In 2016, Sherita Kelly, despite being in the best shape of her life, was diagnosed with stage three breast cancer, an advanced stage of breast cancer extending beyond the immediate tumor region but not yet invading other organs.
After her 40th birthday, Kelly, a military spouse and native of Columbus, Georgia, was recommended and requested a mammogram through her Primary Care Manager (PCM) even though she regularly performed self-exams and never detected abnormalities. The American Cancer Society recommends annual mammograms for women ages 40-44.
Once her mammogram was completed and she was informed of the diagnosis, Kelly didn’t know what to do next.
“I had multiple tumors but I never felt them,” said Kelly. “I didn’t know where to go or who to see.”
William Beaumont Army Medical Center has operated a cancer program fully approved by the American College of Surgeons, Commission on Cancer since 1954. Recent reports from the Commission on Cancer highlight WBAMC’s adherence to standardized guidelines on cancer screening and treatments.
“We can treat most cancer patients, except those requiring inpatient chemotherapy which we can’t (logistically) support,” said Dr. Warren Alexander, staff physician, Hematology/ Oncology Clinic. “As part of the Commission on Cancer, we do make a concerted effort to participate in screenings, not just for malignancies but for other (issues) to make the quality of life of our patients a little bit better.”
Over the past few years, WBAMC’s cancer treatment has been above the national average for administration and reporting radiation and chemotherapy after diagnosis, according to the Commission on Cancer, a program dedicated to improving survival and quality of life for cancer patients through standard-setting, prevention, research and education.
“We have evidenced-based information that proves we are consistently above other Commission on Cancer sites when you pull all the data,” said Alexander, a San Francisco native. “Quarterly reports look at data and administration of radiation (therapy) after breast cancer therapy as well as mastectomy, we’re almost across the board 100 percent.”
According to Alexander, other measures also includes recommended treatments following the Commission on Cancer’s standardized guidelines, of which WBAMC is reported at 100 percent compliance.
“Even as guidelines change, we adapt,” said Alexander, who was recently recognized as one of the top specialty-care doctors in the Army. “(WBAMC) is above the national average in surgical outcomes. When you adhere to the guidelines you have a tendency to have good outcomes.”
Because of WBAMC’s proactive approach to recommended screenings, which incorporates everyone in a patient’s line of care, Kelly’s persistent PCM’s recommendations for a mammogram led to detecting Kelly’s cancer before it metastasized to stage four breast cancer, considered to be incurable.
“I was diagnosed in July, had a right mastectomy in September and started chemotherapy on Oct. 6,” said Kelly. “From the very first time I walked into the office, the physician explained everything. (Treatment) was difficult but the staff here made it easier, compared to how it could have been.”
After 28 treatments of radiation therapy, Kelly’s cancer went into remission.
Because of her experience during her battle, Kelly, already a registered nurse specializing in emergency medicine, is hoping to pursuit an education to also specialize in oncology. With the assistance of outside organizations, Kelly began initiated and began volunteering in the hospital’s Survivorship Group, a group aimed at comforting and educating other patients diagnosed with cancers.

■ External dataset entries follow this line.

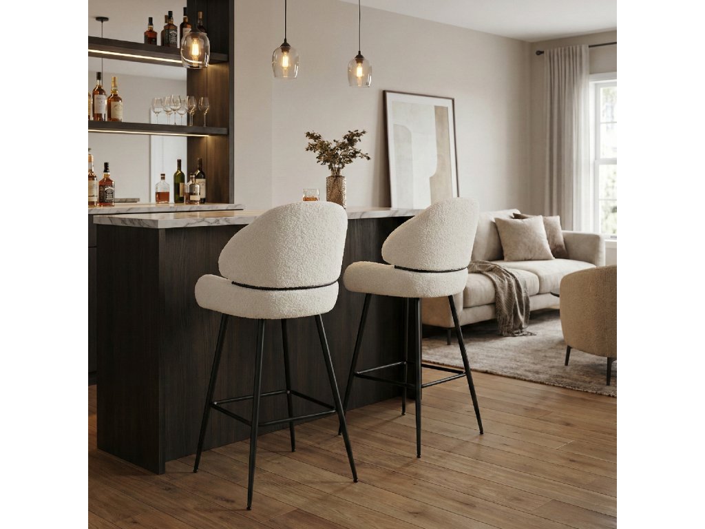 Barová židle SANAKO TYP 2 kombinuje moderní design s vysokou odolností látky Bouclé.
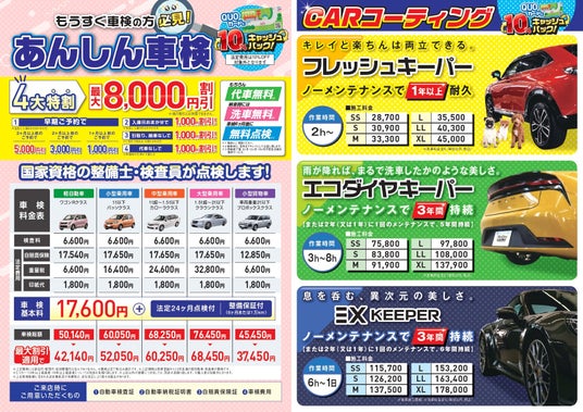 対象商品:タイヤ、コーティング、車検(法定費用除く)、オイル交換、その他のカーケア商品 など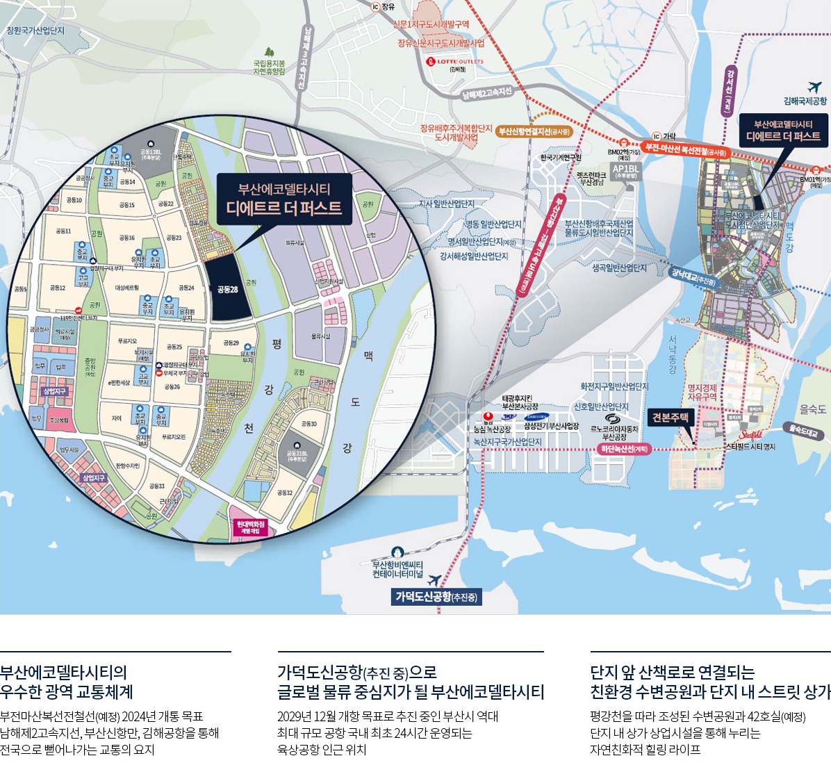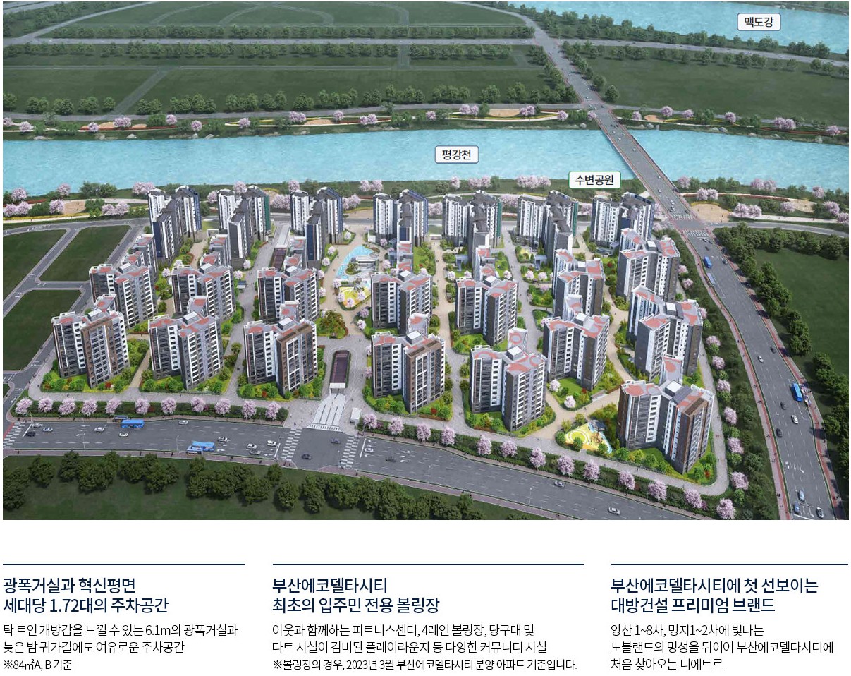 부산 에코델타시티 공동주택용지 28BL에 위치하고 있습니다. 평강천이 바로 옆으로 지나고 있기 때문에 천과 맞닿은 동호실들은 하천뷰가 확보되는 조망권이 상당히 뛰어난 단지입니다.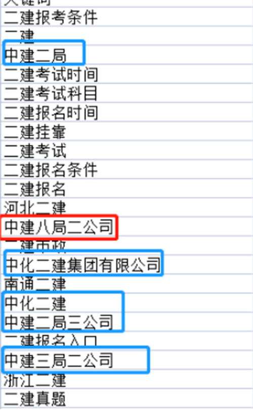 这里以建造师行业(备注:这个行业笔者也是不熟悉的,简单作为测试)根据指数获取初步的核心关键词4个:建造师、一建、二建、二级建造师。再根据核心关键词拓展,可以使用拉取周边的关键词(根据经验即可),剔除一些不相关的指数词并做好去重。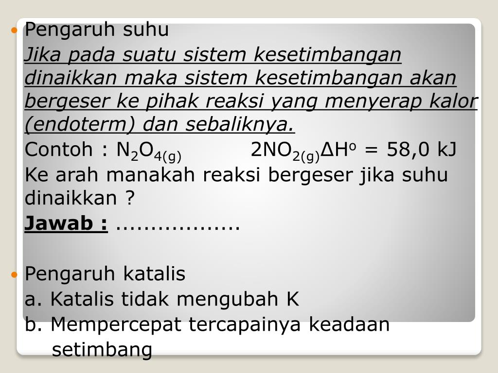 Pengaruh suhu Jika pada suatu sistem kesetimbangan dinaikkan maka sistem kesetimbangan akan bergeser ke pihak reaksi yang menyerap kalor (endoterm) dan sebaliknya. Contoh : N2O4(g) 2NO2(g)∆Ho = 58,0 kJ Ke arah manakah reaksi bergeser jika suhu dinaikkan ? Jawab : .................. • Pengaruh katalis a. Katalis tidak mengubah K b. Mempercepat tercapainya keadaan setimbang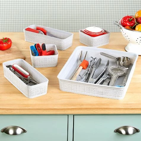 Clean up your drawers and give everything its place with this 5-Pc. Drawer Organizer Set. It includes 3 sizes of organizers to hold a variety of items. The set nests for compact storage when not in use. Made from: PolypropyleneSet includes:- Large, 11″W x 14″D x 2-1/2″H- 2 Medium, 4″W x 10″D x 2-1/2″H, each- 2 Small, 4″W x 4″D x 2-1/2″H, each
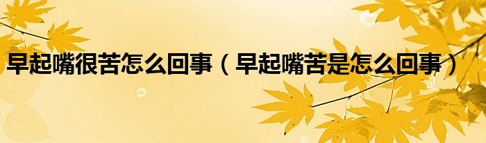 大家好,linda来为大家解答以上的问题。早起嘴很苦怎么回事,早起嘴苦是怎么回事很多人还不知道,现在让我们一起来看看吧!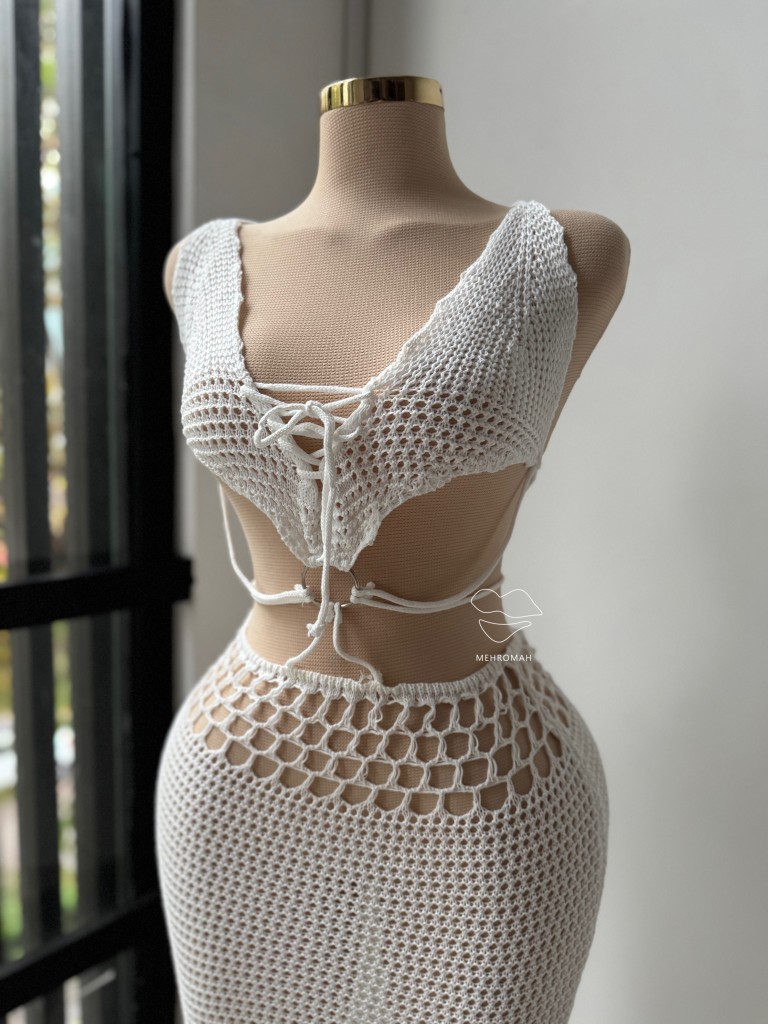 خرید رومایویی بافت با توجه به سلیقه شخصی شما متفاوت است. اگر طرفدار رنگهای روشن هستید، این محصول مناسب برای شماست. کاپ سینه این محصول مدل مثلثی دارد. در قسمت وسط سینه حلقه سیلور کار شده که از روی این حلقه بند بندی رد شده است. باز و بسته شدن این رومایویی با بندهای گردنی و مدل گرهای امکان پذیر است. این بندها در قسمت گردن گره میخورند و در قسمت پشت بدن نیز با گره بسته میشوند. پایین تنه رومایوای بافت دامنی است و به دلیل تکستچر آن، تنخوری بدن نما و خاص دارد. برای خرید این رومایویی از طریق سایت مهروماه شاپ و فری سایز مناسب 38 پر، 40.42 ، تک رنگ سفید میتوانید اقدام به خرید کنید.

“Once you’re diagnosed, your life completely changes. It’s always in the back of your head, how do I live without constantly thinking about whether it’s going to come back again,” said Kelly.
In addition to a full-team approach, WBAMC’s access to care and the military’s comprehensive health care which covers retirees and family members, also played a vital role in Kelly’s treatments.
“Having a team effort is important to be able to push patients from one clinic to another to include primary care,” said Alexander. “If you need a colonoscopy, mammogram… you can get one versus in the private sector where there may be a cost that may prohibit you from doing so. (WBAMC screenings) are free, (patients) just have to get it.”
Through adherence to guidelines and proactive screenings, WBAMC’s cancer program continuously contributes to Army readiness through patient-friendly access to high-quality healthcare.